Yes! You can prepare the mixture up to 24 hours in advance and store it in the refrigerator. Shape and cook when ready.
You can also fully cook them and reheat before serving.
How do I fix common mistakes?
Rice balls falling apart:
Add more breadcrumbs or an extra egg.
Too wet:
Make sure vegetables are dry and rice is cold.
Too dry:
Add a small splash of milk or another egg.
Conclusion
These Veggie Rice Balls are crispy, flavorful, and incredibly versatile. They turn simple leftover rice into a satisfying vegetarian dish that works as a snack, appetizer, or light meal.
Whether you bake or fry them, they’re easy to customize and perfect for busy weeknights or gatherings. Save this recipe for your next batch of leftover rice—you’ll be surprised how quickly they become a favorite.

Veggie Rice Balls
Ingredients
- 3 cups cooked rice preferably day-old and cold
- 1 cup finely chopped carrots
- ½ cup finely chopped bell peppers
- ½ cup finely chopped zucchini squeezed dry
- ¼ cup finely chopped green onions
- 2 large eggs
- ½ cup shredded mozzarella or cheddar cheese optional
- ½ cup breadcrumbs plus extra if needed
- Seasonings:
- 1 teaspoon garlic powder
- ½ teaspoon onion powder
- ½ teaspoon salt
- ¼ teaspoon black pepper
- ½ teaspoon Italian seasoning optional
Instructions
- Step 1: Prep Ingredients
- Ensure rice is fully cooled and not freshly cooked.
- Finely chop vegetables.
- Squeeze excess moisture from zucchini using paper towels.
- Step 2: Mix the Mixture
- In a large bowl, combine rice, chopped vegetables, and green onions.
- Add eggs, shredded cheese (if using), breadcrumbs, and seasonings.

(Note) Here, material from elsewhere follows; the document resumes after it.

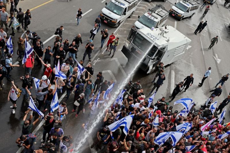 Suite au vote à la première lecture du projet de loi sur la réforme judiciaire, des dizaines de milliers d'Israéliens ont manifesté jeudi contre le gouvernement. Plusieurs heurts ont éclaté avec les forces de l'ordre, qui ont utilisé des canons à eau pour disperser la foule.

- Mix thoroughly until evenly combined.
- The mixture should hold together when pressed. If too loose, add more breadcrumbs 1 tablespoon at a time.
- Step 3: Shape the Rice Balls
- Scoop about 2 tablespoons of mixture.
- Roll firmly into compact balls.
- Place on a parchment-lined baking sheet.
- Cooking Methods
- Option 1: Baked
- Preheat oven to 400°F (200°C).
- Lightly spray rice balls with cooking spray.

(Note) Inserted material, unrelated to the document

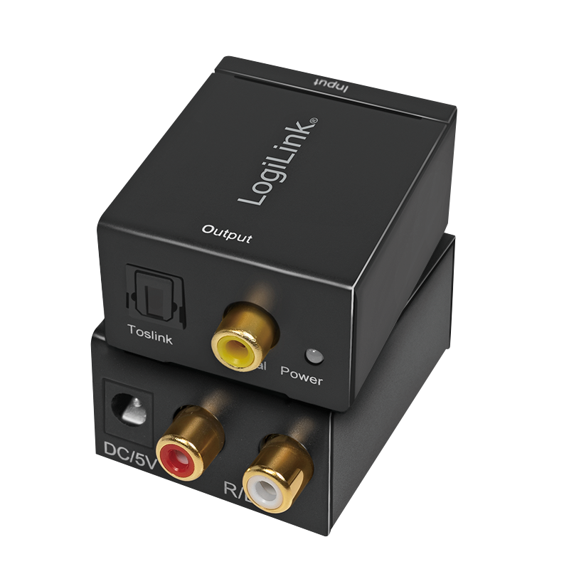 - Konvertiert analoge L/R zu digitale koaxial oder Toslink Audiosignale

- Bake for 20–25 minutes, turning halfway through, until golden and firm.
- Option 2: Pan-Fried
- Heat 2–3 tablespoons oil in a skillet over medium heat.
- Cook rice balls 3–4 minutes per side until golden brown.
- Transfer to a paper towel-lined plate.
Notes
- Use day-old rice for best structure.
- Chop vegetables finely for even texture.
- Avoid overcrowding the pan when frying.
- If mixture is too wet, add more breadcrumbs.
- If too dry, add an extra egg or small splash of milk.